URTU: police ignore limits
Page 6
If you've noticed an error in this article please click here to report it so we can fix it.
UNION LEADER Jackson Moore has accused the police of ignoring speeding lorries so that the Department of Transport can get away with higher limits on dual carriageways, due in April (see p3).
Few lorries had been stopped for .speeding since the Government said a year ago that it would raise the limit.
Mr Moore, who heads the United Road Transport Union, was giving evidence to a House of Lords committee investigating EEC drivers hours laws.
Higher speeds were more dangerous, he said. URTU officer Albert Hughes added that the union had opposed the present 60 mph motorway speed limit on the same grounds. The DTp had wrongly seen the opposition as purely to protect wages. In fact, drivers were paid by distance and not time.

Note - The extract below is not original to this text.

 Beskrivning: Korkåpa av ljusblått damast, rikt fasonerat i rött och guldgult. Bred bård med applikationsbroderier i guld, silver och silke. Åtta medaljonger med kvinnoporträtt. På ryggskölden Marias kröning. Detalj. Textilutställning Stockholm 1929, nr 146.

The URTU strongly favoured a ten-hour driving day but had compromised and settled for a nine-hour day in the hope of making progress.

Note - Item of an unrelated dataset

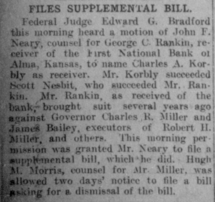 FILES SUPPLEMENTAL BILL. Federal Judge Edward G. Bradford this morning heard a motion of John F. Neary, counsel for George C. Rankin, receiver of the First National Bank of Alma, Kansas, to name Charles A. Korbly as receiver. Mr. Korbly succeeded Scott Nesbit, who succeeded Mr. Rankin. Mr. Rankin, as received of the bank, brought suit several years ago against Governor Charles R. Miller and James Bailey, executors of Robert H. Miller, and others. This morning permission was granted Mr. Neary to file a supplemental bill, which he did. Hugh M. Morris, counsel for Mr. Miller, was allowed two days' notice to file a bill asking for a dismissal of the bill.

A survey of members had shown they supported longer driving hours. "But they are not in favour of a longer working day," Mr Moore explained.
Asked about tachograph fiddles, Mr Moore said that the driver alone should not be blamed. Fiddles were as much in the employer's interest as the employee's.

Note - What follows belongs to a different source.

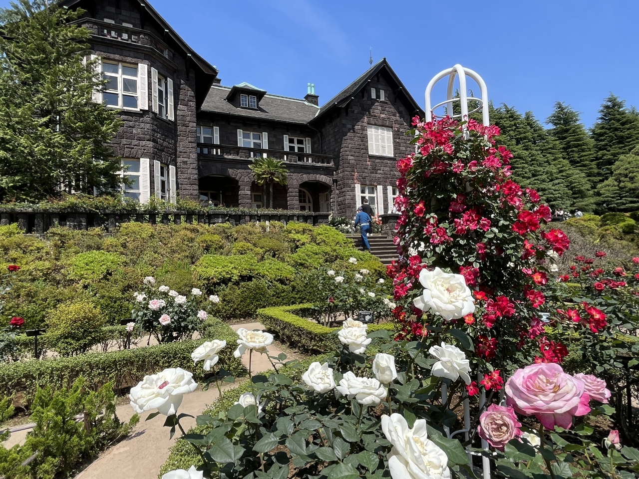 洋館をバックに広がるバラ園は、コンパクトですが、ヨーロッパの庭園様式を踏襲しており、写真映えがするスポットです。

Enforcement was inadequate, he said. And the tacho was less effective in getting drivers to work within the law than the old log book had been.
The "silent check", whereby police could note the position of a lorry and then check it against the log book weeks later had been a greater deterrent than the tacho, he said.
The Department of Transport's new computers for checking batches of charts would only be as good as the information fed into them. They would not be much good if the source was no good.
Mr Moore said that URTU not support drivers who deliberately broke the law. "But I'm sure you speed in some areas because you do not agree with the limit," Mr Hughes said to the Peers.